The report follows AMSRO’s decision, along with the Statistical Society of Australia, to instigate an independent and impartial review of election polling in Australia to determine why all the published polls incorrectly called the outcome at 2019’s May Federal Election and how polling might be improved in the future.
As evidenced by the Inquiry, from 2007 until 2016, Australian pollsters had, in aggregate, a 96% success rate (that is, 25 out of 26 final week polls called the right result) across four Federal elections. The 2019 May election, however, was a notable anomaly and AMSRO and the Statistical Society of Australia, on behalf of the wider industry, wanted to know what went wrong. AMSRO invited pollsters, media organisations and others who commission election and political polling to contribute to the inquiry.

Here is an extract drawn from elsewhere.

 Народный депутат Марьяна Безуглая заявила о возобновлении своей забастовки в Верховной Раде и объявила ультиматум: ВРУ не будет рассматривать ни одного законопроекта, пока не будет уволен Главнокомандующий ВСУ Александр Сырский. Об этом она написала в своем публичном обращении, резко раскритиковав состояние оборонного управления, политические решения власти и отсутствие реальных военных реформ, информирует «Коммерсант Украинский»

The independent inquiry report concluded that the collective performance of the published national election polls in 2019 constituted a ‘polling failure’ rather than simply a ‘polling miss’, as the polls erred in their estimate of the vote in a manner that was statistically significant and erred in the same direction and at a similar level; and found that the source of errors lay in the polls themselves and was not a result of a last-minute shift in preferences among voters.
The AMSRO Polling Inquiry Chair, Darren Pennay (Founder and former CEO of The Social Research Centre) said: “The first preference voteswere either underestimated (LNP) or overestimated (ALP) because of inadequately adjusted, unrepresentative samples. It is very likely the polls were skewed towards over-representing more politically engaged and better educated voters and this bias was not corrected. As a result, the polls over-represented Labor voters.

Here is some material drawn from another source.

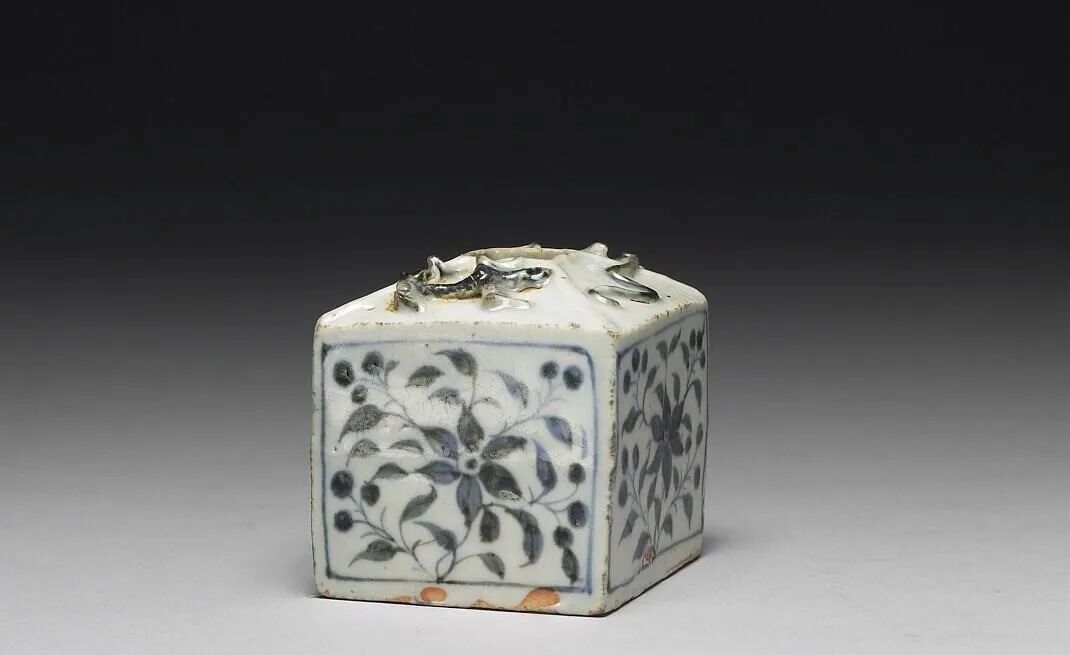 盖面饰两条泥条捏塑的褐色蟠螭,四面各以钴料描绘花卉折枝果纹,近底部与底部露胎无釉。东南亚地区则多出此类小型罐,青料或出于国产,关注公众号:高古瓷。色调泛灰。此类方形小罐亦有青白瓷与釉裡红类型。

“As a consequence, pollsters should seek to better understand the biases in their samples and to develop more effective sample balancing and/or weighting strategies to improve representativeness, by looking at education or other variables.”
The Inquiry Panel also found some evidence that the reporting of the polls failed to consistently meet the basic disclosure guidelines for editors and journalists set out by the Australian Press Council.
The Inquiry report has made 10 key recommendations aimed at improving polling methods and their disclosure. Recommendations include calling for an enforceable Code of Conduct for Election Polling; consistent, enforceable disclosure standards; and recommendations to improve polling methods and better educate the media and public on polling.